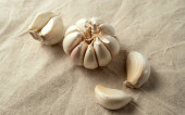 Zamknij świeży czosnek na stole
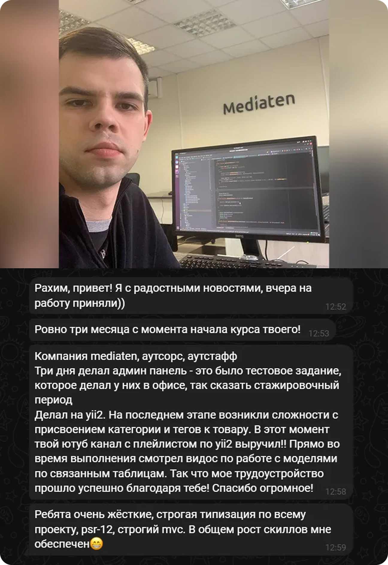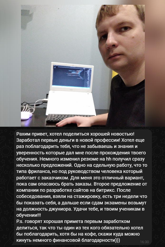 Но это не значит, что через три месяца вы сразу получите предложение о работе. Результат всегда индивидуален и зависит от многих факторов. Один из них — хорошее обучение. Если вы понимаете это и ищете именно такое обучение, то вам ко мне.
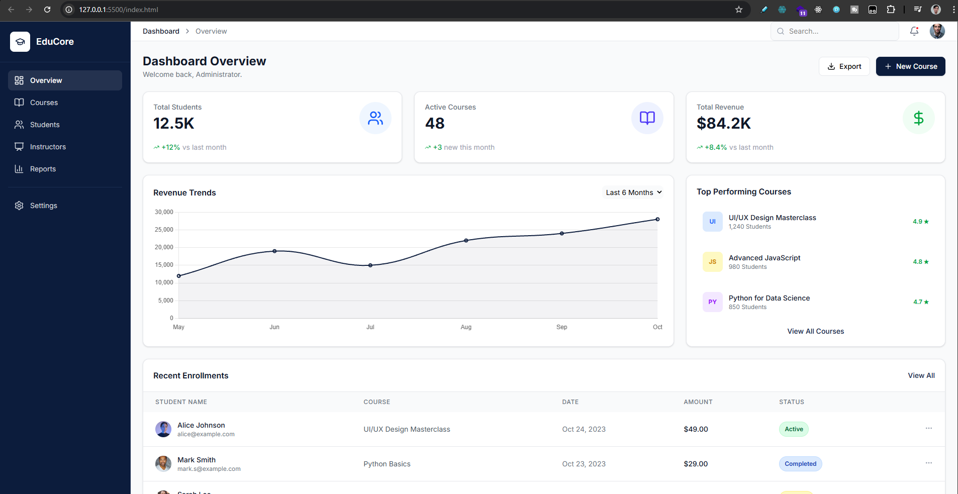 "Create a modern LMS admin dashboard for online courses. It must have a sidebar navigation on the left. The main content should show summary cards for Total Students, Active Courses, and Revenue. Below that, create a data table listing recent student enrollments with status badges. The vibe should be clean, professional, using blue and white as primary colors."
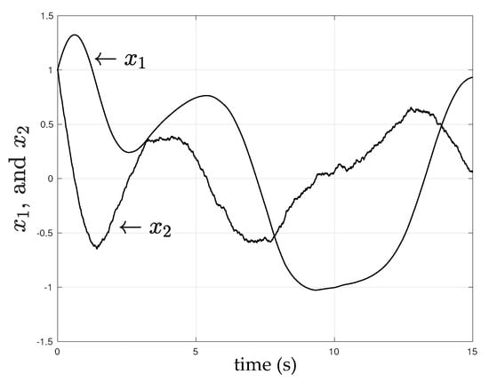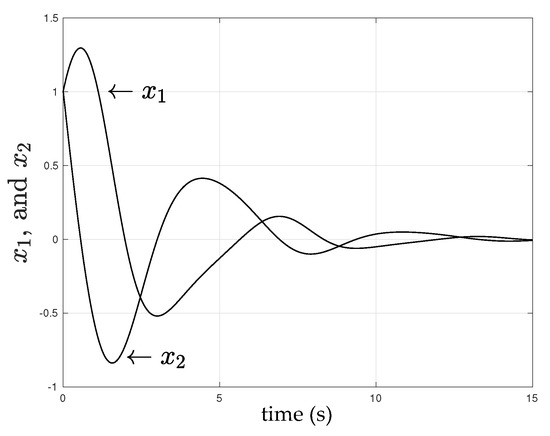 As for in (5), we set , , and . Following Step 1 in Theorem 1, we have , by solving LMIs by (35). Then, following Step 2, we have by solving LMIs (20) and (32), where in (37) is set to be 100 in order to get a larger observer gain. It is obvious that L will be if we set
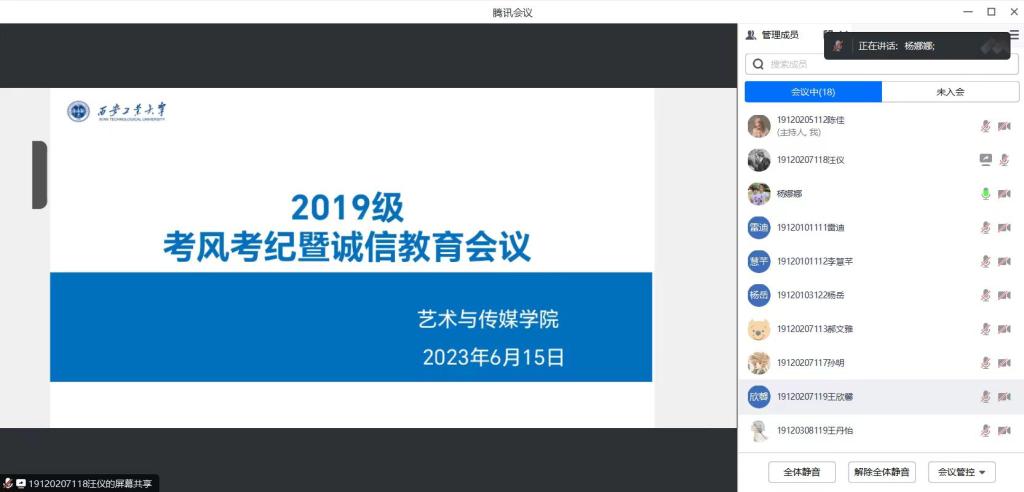 为严肃考风考纪,艺术与传媒黑料不打烊 于6月15日通过腾讯会议召开了2019级考风考纪暨诚信教育大会。本次会议由杨娜娜老师主持,2019级全体四六级考生及国家生源地贷款学生参加了此次会议。
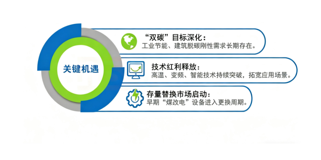 早期“煤改電”政策下投入使用的設(shè)備已逐漸進入更換周期,疊加新建筑、新工業(yè)項目的新增需求,空氣能市場形成“存量替換+增量增長”的雙驅(qū)動格局。
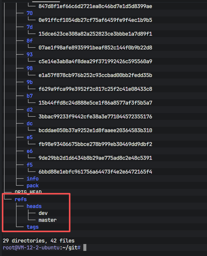 为了深入理解 git branch dev 到底做了什么,我们需要查看 .git 目录的树状结构。
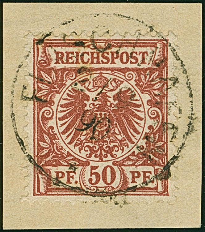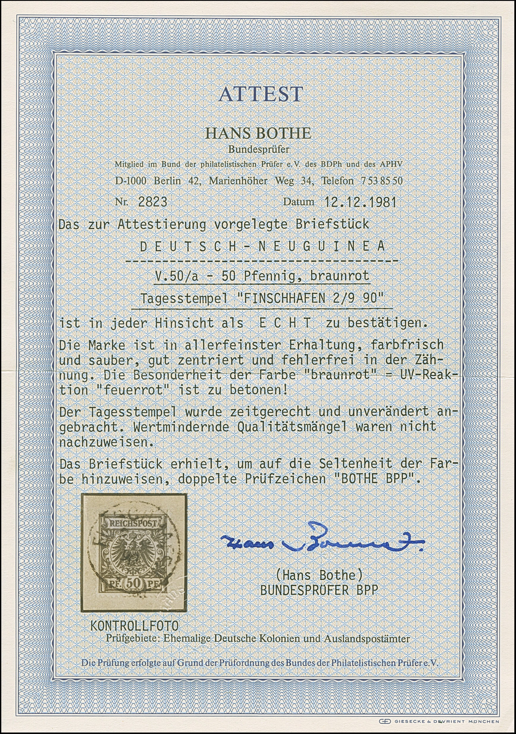 1890, Krone/Adler 50 Pfg. lebhaftbräunlichrot mit EKr. “FINSCHAFEN 2.9.90” auf Briefstück. Die Marke mit kurzem Zahn unten rechts, ansonsten in einwandfreier Erhaltung, doppelt signiert Bothe BPP mit Fotoattest (1981)

################

§ **TRY IT**
Would you please repeat the lines above exactly, from the first line of the listing through the line holding "a modern LMS", with nothing added and no pictures?

§ **THE COMPLETED TASK**
 Zamknij świeży czosnek na stole
 Но это не значит, что через три месяца вы сразу получите предложение о работе. Результат всегда индивидуален и зависит от многих факторов. Один из них — хорошее обучение. Если вы понимаете это и ищете именно такое обучение, то вам ко мне.
 "Create a modern LMS admin dashboard for online courses. It must have a sidebar navigation on the left. The main content should show summary cards for Total Students, Active Courses, and Revenue. Below that, create a data table listing recent student enrollments with status badges. The vibe should be clean, professional, using blue and white as primary colors."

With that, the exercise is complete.